In sport science, studies are made to optimise performance in all aspects of sport from fitness to $C$ technique.

In a game, a player scores 3 points by carrying the ball over the scoring line, shown in the diagram as $X Y$. When a player has scored these 3 points, an extra point is scored if the ball is kicked between two fixed vertical posts at $C$ and $D$. The kick can be taken from any point on the line $A B$, where $A$ is the point at which the player crossed the scoring line and $A B$ is perpendicular to $X Y$.

The distance $C D$ is $4 \mathrm{~m} ; X C$ is equal to $D Y$; the point $A$ is a distance $a \mathrm{~m}$ from $C$ and $A$ lies between $X$ and $C$. The kick is taken from the point $K$, where $A K$ is $x \mathrm{~m}$. The angle $C K D$ is $\theta$ (see diagram).

(i) By expressing $\theta$ as the difference of two angles, or otherwise, show that

\tan \theta=\frac{4 x}{x^{2}+4 a+a^{2}} \text {. }


(ii) Find, in terms of $a$, the value of $x$ which maximises $\tan \theta$, simplifying your answer. Find also the corresponding value of $\tan \theta$. (You need not show that your answer gives a maximum.

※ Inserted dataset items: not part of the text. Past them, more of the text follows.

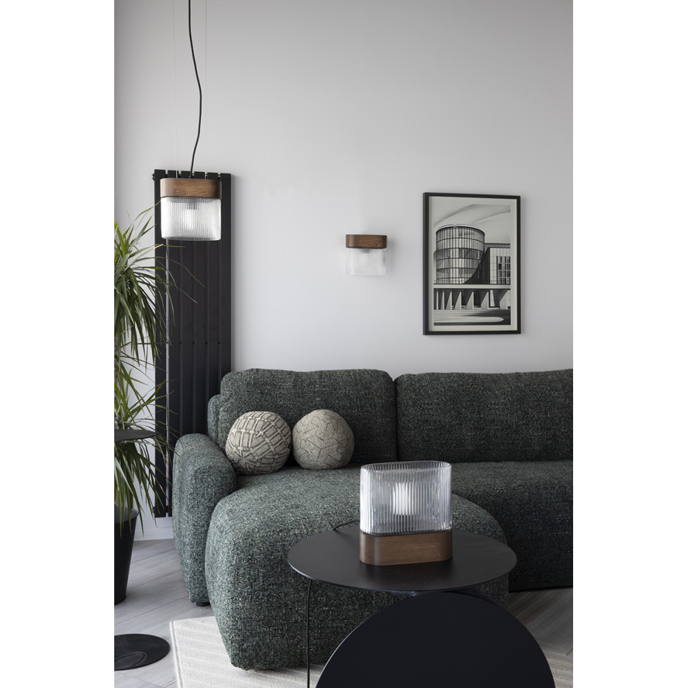 I centrum för kompositionen står den räfflade glasdiffusorn, vars vertikala spår subtilt sprider ljuset och skapar ett delikat spel av skugga och glöd på ytorna. Den kompletteras av en naturlig träbas som inte bara stabiliserar strukturen utan också värmer upp uppfattningen av lampan - både visuellt och känslomässigt. Lampans mått är 20,5 x 9,3 x 19 cm.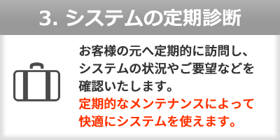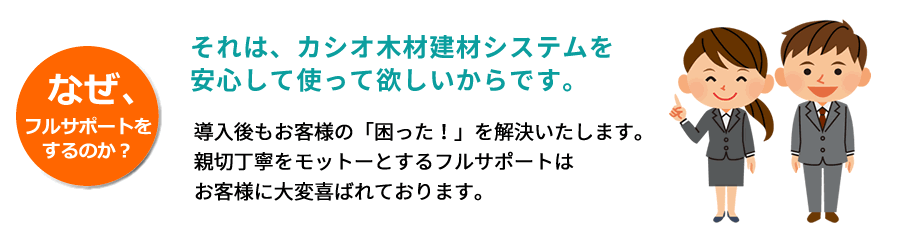 カシオ木材建材システムは導入した会社の事務の流れに合わせてシステムを構築します。この点が「使いやすい木材建材システム」とご評価をいただいている最大の理由です。ところが、お客様を取りまく状況は変化し、伝票の仕様や事務処理の流れも変わります。すると導入した木材建材システムが「使いやすい木材建材システム」とは言えない状態になるかもしれません。お客様の変化に対応し「いつまでも使いやすいシステム」として喜んでお使いいただけるように私ども東洋通信はサポートをしてまいります。そのため営業エリアは、私どものサポート・サービスを提供できるエリアに限定させていただいております。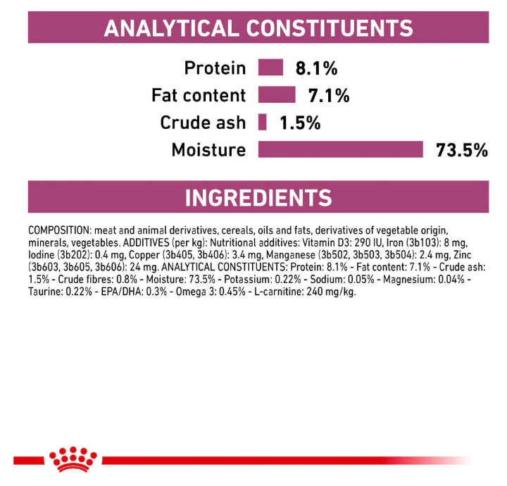 Analytical constituants: Protein: 8.1%, Fat content: 7.1%, Crude ash: 1.5%, Crude fibres: 0.8%, Moisture: 73.5%, Potassium: 0.22%, Sodium: 0.05%, Magnesium: 0.04%, taurine: 0.22%, EPA/DHA: 0.3%, Omega 3: 0.45%, L-carnitine: 240 mg/kg.
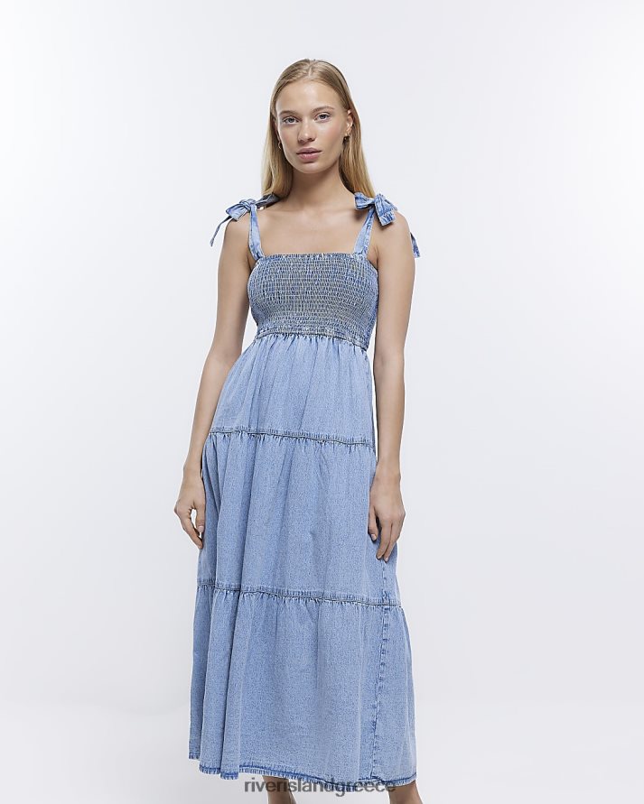 River Island ενδύματα τζην γυναίκες petite αμάνικο smock μάξι φόρεμα B6N8X5326
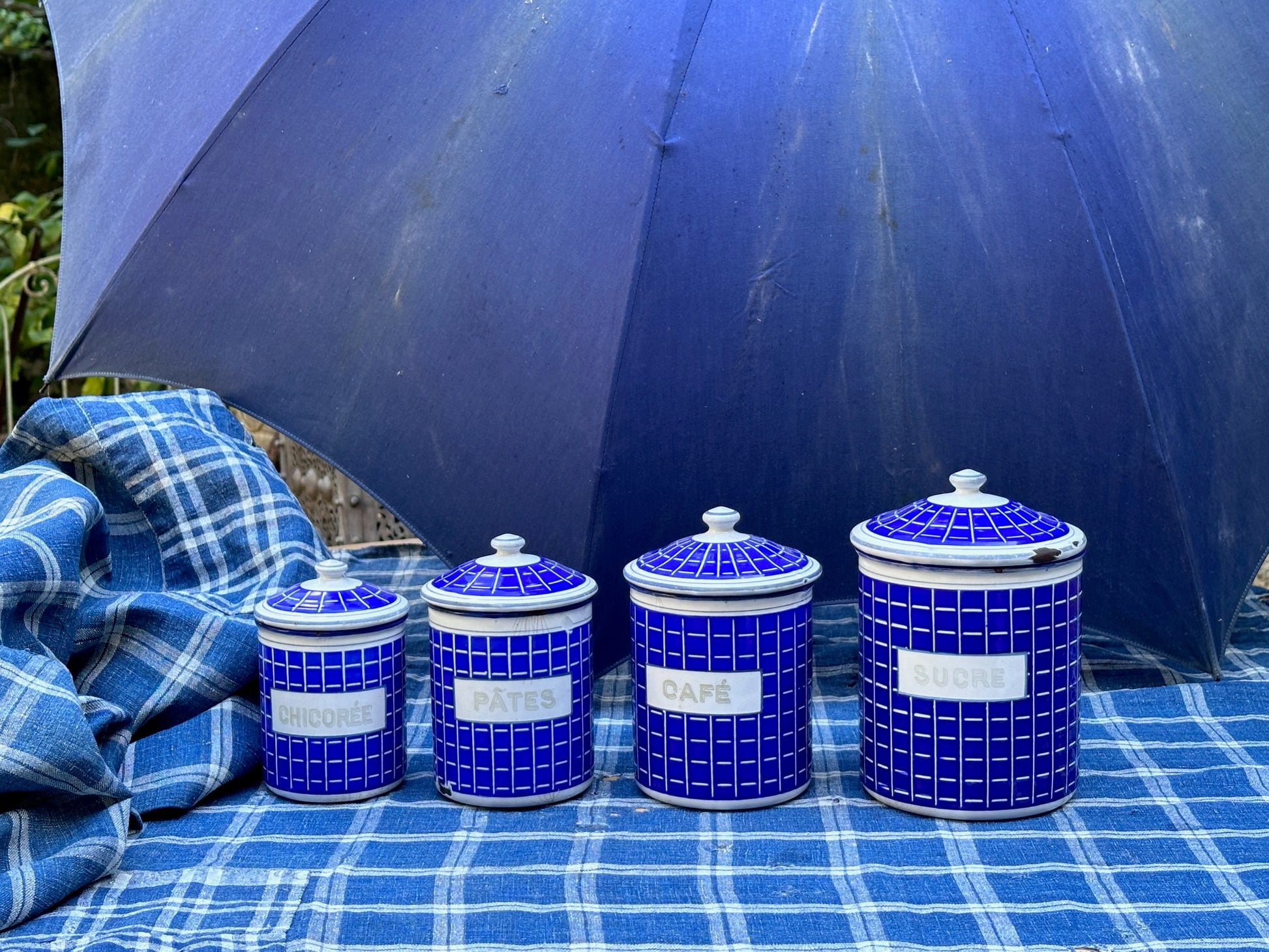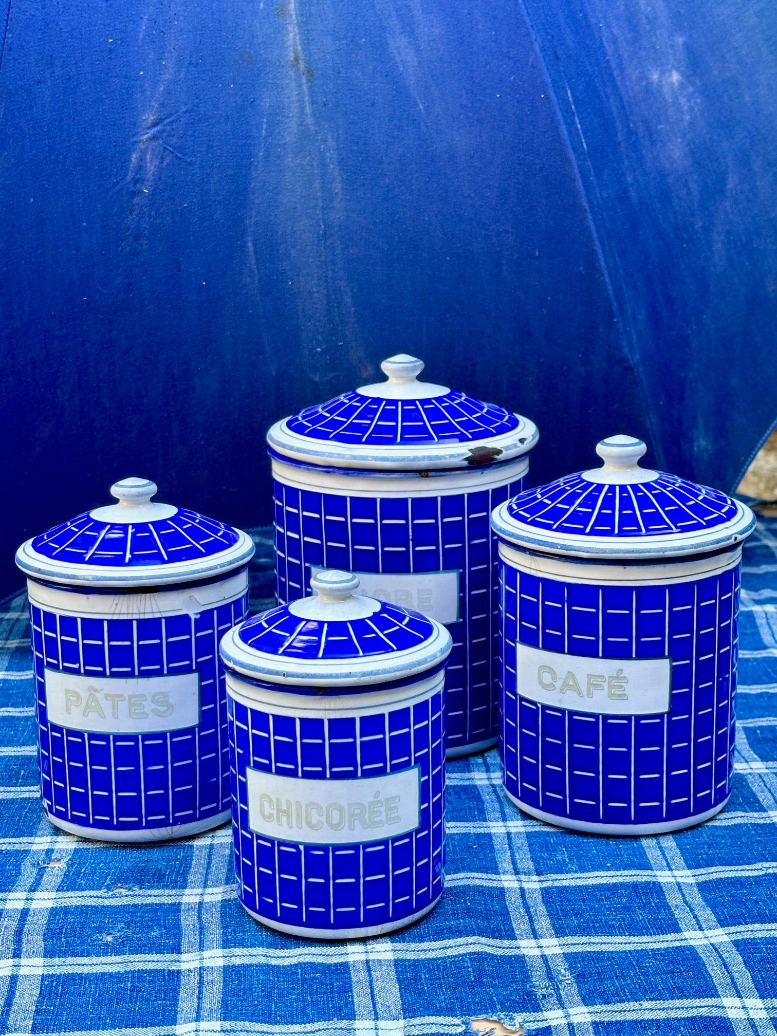 Set of 4 Bright Blue Enamel Cannisters, c 1930. French. good condition with normal wear and tear. Ready for your kitchen.

The point corresponding to the value of $x$ found in part (ii) is called the optimal point. The corresponding value of $\theta$ is called the optimal angle.

(iii) Explain why a player may decide not to take the kick from the optimal point.


(iv) Show that, when $\theta$ is the optimal angle, $\tan K D A=\sqrt{\frac{a}{4+a}}$. Find the approximate value of angle $K D A$ when $a$ is much greater than 4 .


(v) It is given that the length of the scoring line $X Y$ is $50 \mathrm{~m}$. Find the range in which the optimal angle lies as the location of $A$ varies between $X$ and $C$.